Europe is a good place to shift the focus to revenue thanks to its transparency requirements. The region’s startups still lag Silicon Valley in their ability to acquire higher, later-stage funding, making it harder to scale up to become the next Microsoft Corp. or Alphabet Inc. But local VC firms already prioritize sustainable business models over valuation metrics, in part because they can see the numbers. Unlike their US counterparts, European startups are subject to more stringent regulations requiring financial disclosures.

Although it’s almost impossible to find out revenue figures for US companies like San Francisco-based Scale.ai (which just raised $1 billion at a $14 billion valuation) or its neighbor Anthropic (which is said to be worth between $15 billion and $20 billion), you can easily get them for any two-person private firm in the UK, since all registered businesses must file annual financial statements with Companies House, the government’s registrar.

Until now, European institutional investors have taken that approach too far, shying away from putting their money into new tech that held great promise. When the AI lab DeepMind was getting off the ground, its founders struggled to find backers who would put more than £30,000 ($38,000) into the enterprise and had to fly to Silicon Valley to get the millions they needed from the likes of  Peter Thiel and Elon Musk instead. (Eventually, Google bought DeepMind for $650 million.)

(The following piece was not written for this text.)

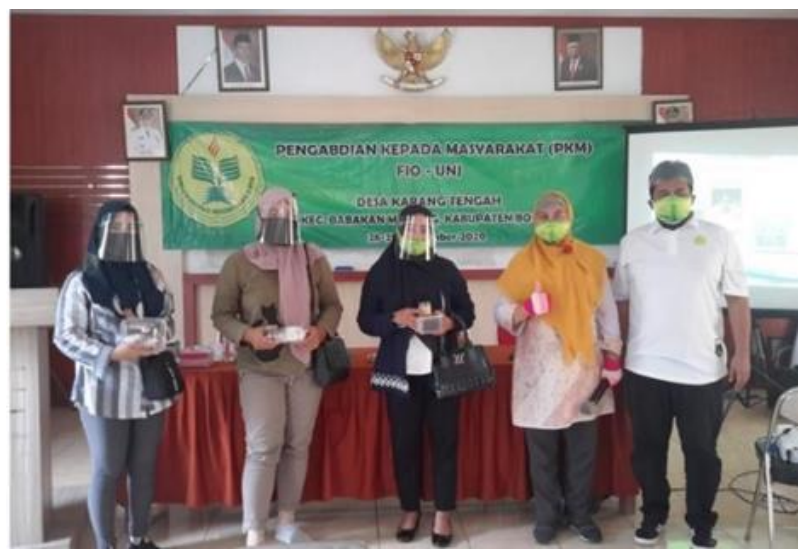
Image 5. The Practice of Making Decorative Candles from Used Cooking Oil

It didn’t help that European investors were cajoled into doing their patriotic duty by “supporting” the local tech ecosystems — think French President Emmanuel Macron targeting 25 unicorns by 2025. “Investors were reasonably saying, ‘For what?’” says Klein. “These science projects? This is people’s retirement savings. We’re not charities.” To turn the tide, it might help for institutional investors to see the broad number of thoroughbreds across the country and the wider European region. 

British investors, for one, are poised to make bigger bets now that its domestic pension providers — who manage assets worth about $3 trillion — have pledged to assign 5% of their default funds to “unlisted equities” by 2030, providing a boost to the country’s tech sector. They would do well to turn their attention to the 118 startups in the UK that are bringing in more than $100 million in revenue, according to market intelligence firm Dealroom.io.  

Startups themselves should also resist unicorn envy. In the long run, success can become as mythical as the name.